Format usage vs. format obsolescence
One of the things Jeff Rothenberg and I agree about is that the subject of our disagreement is format obsolescence, defined as the inability of current software to render preserved content in a format. Andy Jackson's study is not about format obsolescence at all, unlike Matt Holden's study. It is about format usage; the formats current tools use to create new content. Andy's draft paper is clear that this is what he is studying, but that clarity comes after he starts out discussing format obsolescence. As Andy says:
While it is clear that the observation of a format falling out of use does not imply it is obsolete, the fact that a format is still being used to create new material necessarily means that that format is not yet obsolete.For example, Andy's Figure 3.5 shows that PDF 1.3 is a significant part of the PDF being generated 10 years after it was introduced. Andy interprets this to refute Jeff's aphorism "Digital Information Lasts Forever—Or Five Years, Whichever Comes First". I tend to believe that Jeff was exaggerating for effect, so don't pay the aphorism much attention. But it is true that the observed life-spans of Web format usage lend indirect support to my argument that format obsolescence on the Web is slow and rare.
Browser support for old formats
Matt's study, on the other hand, shows that 15-year-old Web image, video and audio content is still rendered perfectly well by current software, especially open-source software. This is direct and substantial support for my argument.
It is important to distinguish between the evolution of a format family, such as HTML or PDF, through successive versions and the replacement of a format by a competitor in a completely different family. Here is the current vanilla Chrome with no additional plugins rendering the very first capture by the Internet Archive of the BBC News site which was, I believe, in HTML 3.2.

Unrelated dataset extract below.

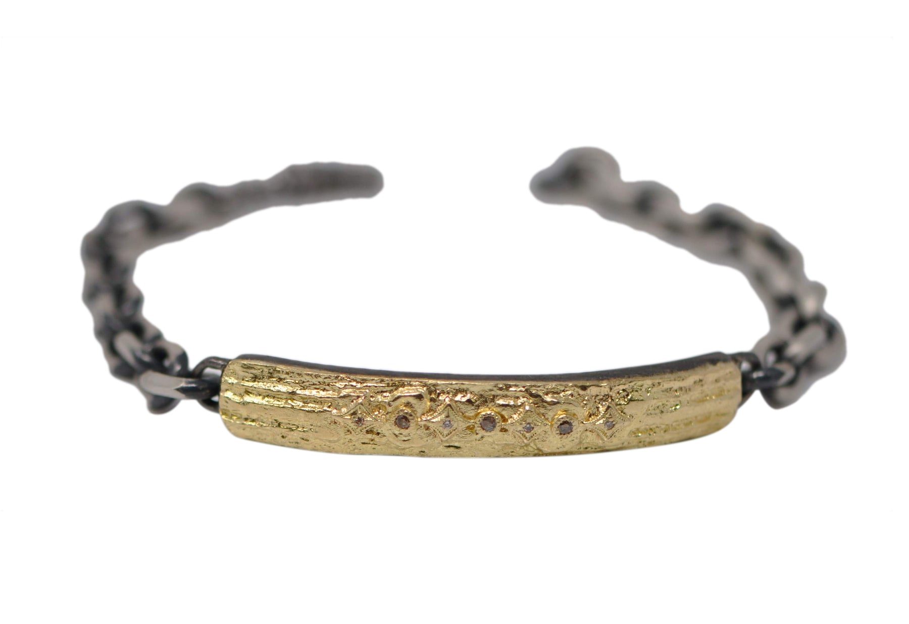 18k Yellow Gold and Blackened Sterling Silver 8.5" artifact ID bracelet with crivellis and champagne diamonds.

Current Chrome doesn't have a problem rendering the 14-year-old HTML. That is because the designers of the successive HTML versions were constrained to remain compatible with the previous versions. They could not force an incompatible change on the browsers in the field, because "there is no flag day on the Internet" .In the context of format obsolescence it is misleading to treat HTML 2.0, 3.2, 4.0, 4.01 and so on as if they were different formats. A single HTML renderer will render them all. The introduction of, say, HTML 4.0 has no effect on the render-ability of HTML 3.2.

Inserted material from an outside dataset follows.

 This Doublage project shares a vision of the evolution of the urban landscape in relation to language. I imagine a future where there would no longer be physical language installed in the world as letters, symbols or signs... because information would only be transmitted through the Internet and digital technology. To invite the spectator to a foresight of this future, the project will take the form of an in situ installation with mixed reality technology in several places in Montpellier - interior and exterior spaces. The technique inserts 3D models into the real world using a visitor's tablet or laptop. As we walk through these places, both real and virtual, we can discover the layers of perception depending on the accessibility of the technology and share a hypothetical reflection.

Note: The missing plugin for the space at the top right is Java.
Format identification tools
Several people responded to my criticism of format identification tools. Matt said:
I do agree that identification of textual formats is increasingly important, and further efforts are probably needed in this area.I don't agree and have said so in the past. As regards Web formats, to the extent to which format identification tools agree with the code in the browsers they don't tell us anything useful, and to the extent to which they disagree with the code in the browsers they are simply wrong. Applying these tools as part of a Web preservation pipeline is at best a waste of resources and at worst actively harmful.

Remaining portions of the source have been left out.